Vacuum initial data with minimal decay and borderline decay
Dawei Shen, Jingbo Wan
TL;DR
The work tackles vacuum initial data for the Einstein equations at minimal and borderline decay by extending Mao-Tao’s conic solution-operator framework to a spacelike setting. It constructs cone-supported seed data and, via an outgoing right inverse $S$ on $b$-Sobolev spaces, solves the nonlinear constraint system to obtain nontrivial $(s,q)$--asymptotically flat initial data for all $s\in[1,3)$ and $q\in\mathbb{N}$. The main result exhibits sharp decay thresholds: the seed data lie in $H_b^{q+1,(s-4)/2}\times H_b^{q,(s-2)/2}$ but not in any stronger weight class for $s'>s$, and in the borderline case $s=1$ the data remain exterior to global stability results while fitting Shen24’s exterior stability framework.
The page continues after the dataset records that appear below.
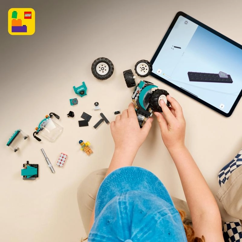 Construir es fácil y divertido con la app LEGO Builder, donde se puede acercar y girar el modelo en 3D y seguir el progreso. Los niños desarrollan motricidad, imaginación y juego narrativo mientras disfrutan de elementos realistas de la maquinaria agrícola.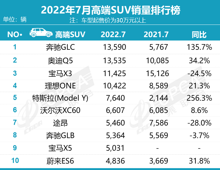 尽管面临换代,但现款奔驰GLC依然“宝刀不老”,在7月斩获13,590辆的好成绩,同比增长135.7%,成为当月销量最高的豪华SUV。而奔驰GLC还能有如此出色表现,一方面是其产品力很强,无论是外观设计还是整体内饰布局依然不过时,至少在教授个人看来,对比宝马X3和奥迪Q5L等同级别车型还是要更豪华一些。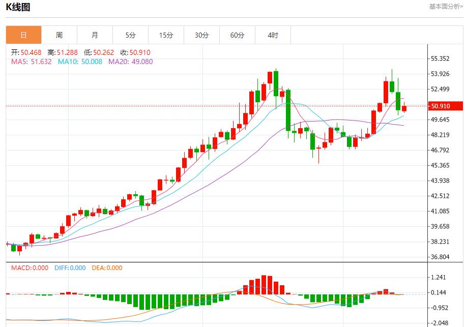 现货白银:截止北京时间21:20,现货白银上涨,现报50.914,涨幅0.67%。纽市盘前,(白银)价格在日内波动,短期内依靠较小的看涨趋势线,试图获得可能有助于其恢复和再次上涨的看涨动力,在达到超卖水平后,伴随着相对强度指标上积极信号的出现。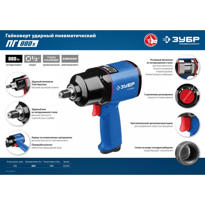 Профессиональный пневматический гайковерт. Крутящий момент 880 Нм обеспечивает высокую производительность. Обладает повышенной износостойкостью внутренних элементов. Предназначен для использования на СТО, шиномонтажах и других ремонтных мастерских.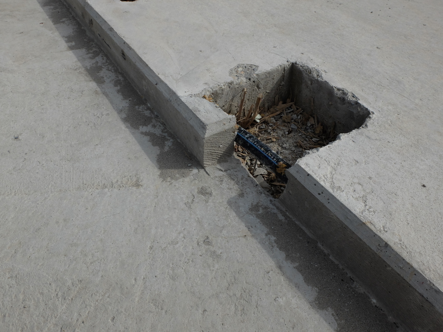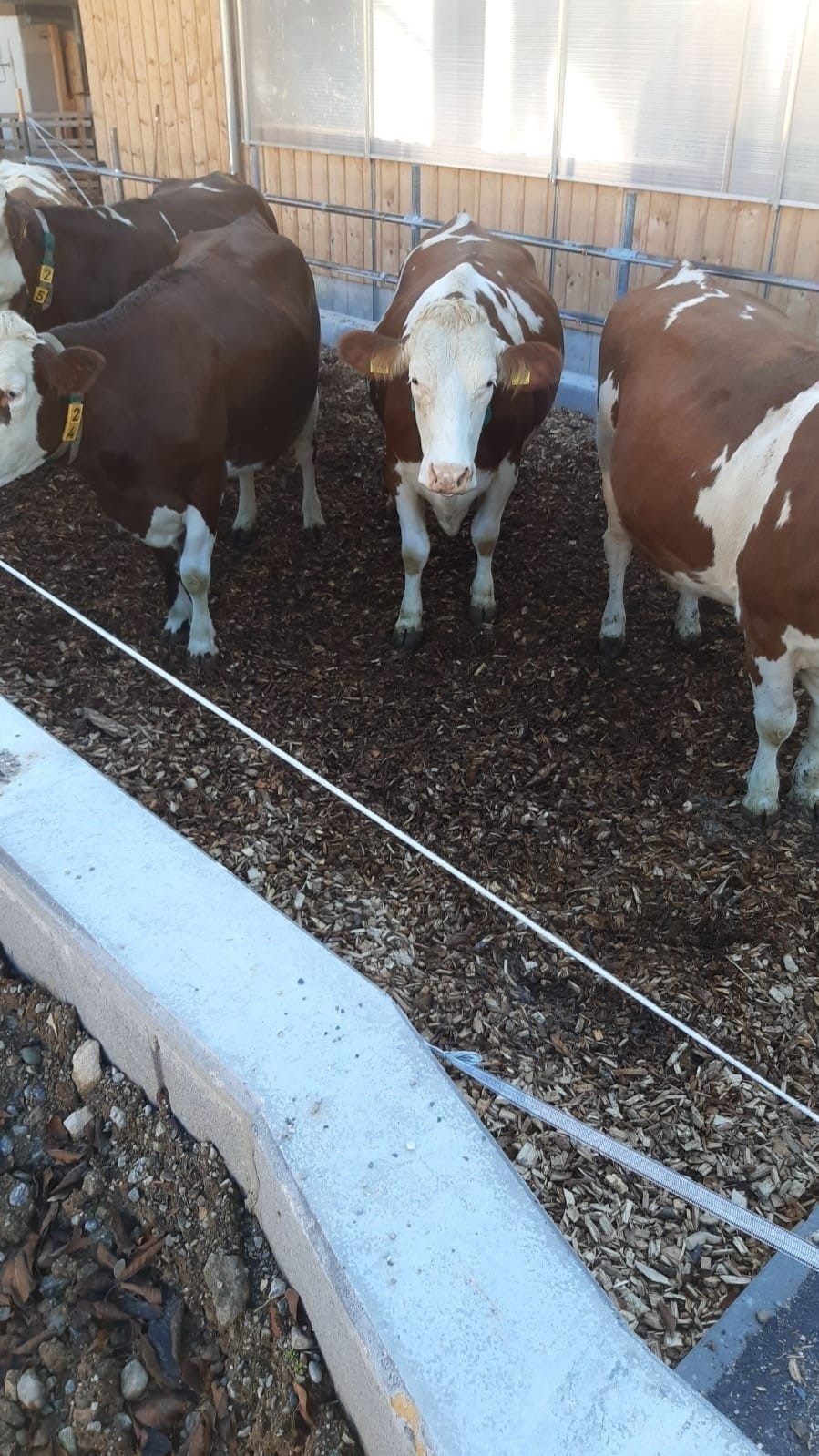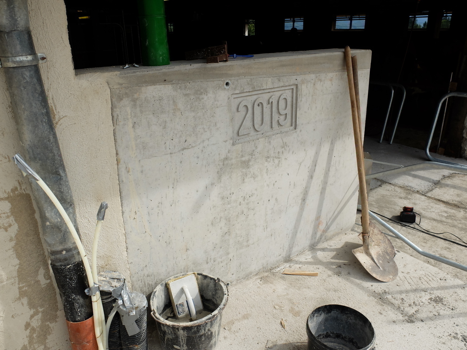 Laufflächenbefeuchtung: Dazu wurde ein PE-HD Rohr direkt in die Kante des Fressstands einbetoniert und mit Löchern versehen

This advances the understanding of how minimal and borderline decay interact with the Einstein constraint equations and the conic localization program, producing initial data compatible with exterior stability (and highlighting limits for global stability) in the Minkowski regime.
Abstract
In this note, we show that the conical solution-operator method of Mao-Tao in [Localized initial data for Einstein equations] applies to a simple construction of vacuum asymptotically flat initial data at minimal and borderline decay thresholds, corresponding to the global and exterior stability of Minkowski spacetime proved by the first named author in [Global stability of Minkowski spacetime with minimal decay] and [Exterior stability of Minkowski spacetime with borderline decay].